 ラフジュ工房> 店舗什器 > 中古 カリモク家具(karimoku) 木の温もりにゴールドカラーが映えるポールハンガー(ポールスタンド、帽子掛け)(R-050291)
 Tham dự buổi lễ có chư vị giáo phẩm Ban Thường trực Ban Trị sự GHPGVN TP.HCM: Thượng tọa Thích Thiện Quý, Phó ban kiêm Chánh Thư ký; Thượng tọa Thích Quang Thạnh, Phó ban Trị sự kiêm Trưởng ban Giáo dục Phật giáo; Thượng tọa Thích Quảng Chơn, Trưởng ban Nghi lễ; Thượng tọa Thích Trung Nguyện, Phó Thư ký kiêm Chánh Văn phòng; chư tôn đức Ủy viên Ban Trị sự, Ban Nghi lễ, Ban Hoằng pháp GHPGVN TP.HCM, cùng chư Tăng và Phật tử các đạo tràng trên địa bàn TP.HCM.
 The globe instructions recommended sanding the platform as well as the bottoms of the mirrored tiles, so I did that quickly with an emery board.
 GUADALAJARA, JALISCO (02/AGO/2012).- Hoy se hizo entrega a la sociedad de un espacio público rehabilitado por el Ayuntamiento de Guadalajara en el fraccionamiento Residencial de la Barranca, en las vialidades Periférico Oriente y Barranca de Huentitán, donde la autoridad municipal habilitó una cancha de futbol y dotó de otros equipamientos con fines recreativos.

^^^^^^^^

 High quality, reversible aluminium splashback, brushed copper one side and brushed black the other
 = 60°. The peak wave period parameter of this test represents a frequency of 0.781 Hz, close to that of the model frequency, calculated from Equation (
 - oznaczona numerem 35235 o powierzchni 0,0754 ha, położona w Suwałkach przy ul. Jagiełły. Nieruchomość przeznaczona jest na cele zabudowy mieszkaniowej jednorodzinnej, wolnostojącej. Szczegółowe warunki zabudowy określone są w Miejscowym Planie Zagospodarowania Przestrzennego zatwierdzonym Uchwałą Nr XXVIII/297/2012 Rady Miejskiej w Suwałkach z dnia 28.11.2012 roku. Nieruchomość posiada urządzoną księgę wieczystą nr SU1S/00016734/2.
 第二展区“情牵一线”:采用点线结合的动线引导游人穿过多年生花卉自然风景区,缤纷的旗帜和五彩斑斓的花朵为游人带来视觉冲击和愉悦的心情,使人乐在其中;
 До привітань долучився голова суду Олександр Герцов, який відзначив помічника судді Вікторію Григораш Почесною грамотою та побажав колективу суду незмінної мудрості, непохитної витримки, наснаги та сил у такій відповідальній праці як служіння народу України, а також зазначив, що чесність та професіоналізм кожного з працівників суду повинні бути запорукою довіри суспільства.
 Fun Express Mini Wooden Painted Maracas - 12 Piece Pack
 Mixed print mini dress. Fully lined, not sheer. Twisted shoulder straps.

^^^^^^^^

> [HOW TO COMPLETE THIS TASK]:
Given the records above, reproduce precisely and only the lines between the line holding "Fun Express Mini" and the line holding "Mixed print mini", inclusive.

> [ANSWER BOX]:
 Fun Express Mini Wooden Painted Maracas - 12 Piece Pack
 Mixed print mini dress. Fully lined, not sheer. Twisted shoulder straps.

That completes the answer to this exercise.